Thursday……………….           10:00 AM         Bible Study

Saturday………………..           Jacob (Israel)

                                                 10:00 AM         Women’s Group

Sunday: ………………….          10:00am           Worship

                                                 11:00am           Bible Study

COMMEMORATIONS

The Purification of Mary and the Presentation of the Our Lord is often the first Sunday after Christmas reading.  It is the fulfillment of the Levitical law from Leviticus 12 – 40 days after the birth of a male child anyone associated with the birth presents themselves for ceremonial cleansing. The commemoration is on the day 40 days after Dec 25th. We might think that such a day is a dusty relic that we can hardly even intellectually understand. But think along with me.

It is common to divide the law into moral, ceremonial and civil.  The civil law is that which the state enforces. The moral law are those things that are common across cultures and that you feel guilty about breaking, largely the 10 commandments. The ceremonial law in the Old Testament is about cleanliness.  I think today we’d say it is your social credit score. And that might give you a hint. Every culture has a ceremonial law. Breaking the moral law may or may not get you punished depending upon how stringent or lax your civil law it. Right now, you can steal up to $950 in CA, and you won’t get prosecuted.  Is stealing morally wrong, yes. Civilly? Apparently not.  Disregarding the ceremonial law gets you canceled.  If the moral law is about guilt, the ceremonial law is about shame, or at least trying to make you feel it.

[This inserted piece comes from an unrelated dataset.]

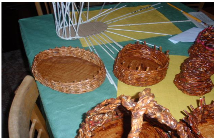
Ukážka prác našich klientov

Jesus came to pay the penalty for our guilt. We have the forgiveness of sins, even though not a jot or title vanishes from the moral law. But more completely Jesus is our offering for any ceremonial law. All such laws are fulfilled, completed, drained of their authority, in Christ. Jesus came for sinners. Jesus also came for the tax collectors. Jesus doesn’t cancel. Nobody was beyond his fellowship. Christ has made us clean. We do not call unclean that which God has cleaned. He was presented for us.

PRAYER THOUGHT AND MEDITATION

The Epistle Lesson this week (1 Corinthians 12:31-13:13) is every wedding’s favorite choice and completely appropriate. Much of the letter is given to the discussing of the divisions in the Corinthian church.  Divisions that have repeatedly shown up in Christian life.  Yet Paul’s metaphor for the church from last week is “the body of Christ.” For the church to actively pursue divisions is akin to cutting off your own hand. But we all know how tough this actually is.  The foot really does some time want to say to the hand, “we don’t need you.”  What keeps this body connected?  What feeds this body that seems to want to cut itself up?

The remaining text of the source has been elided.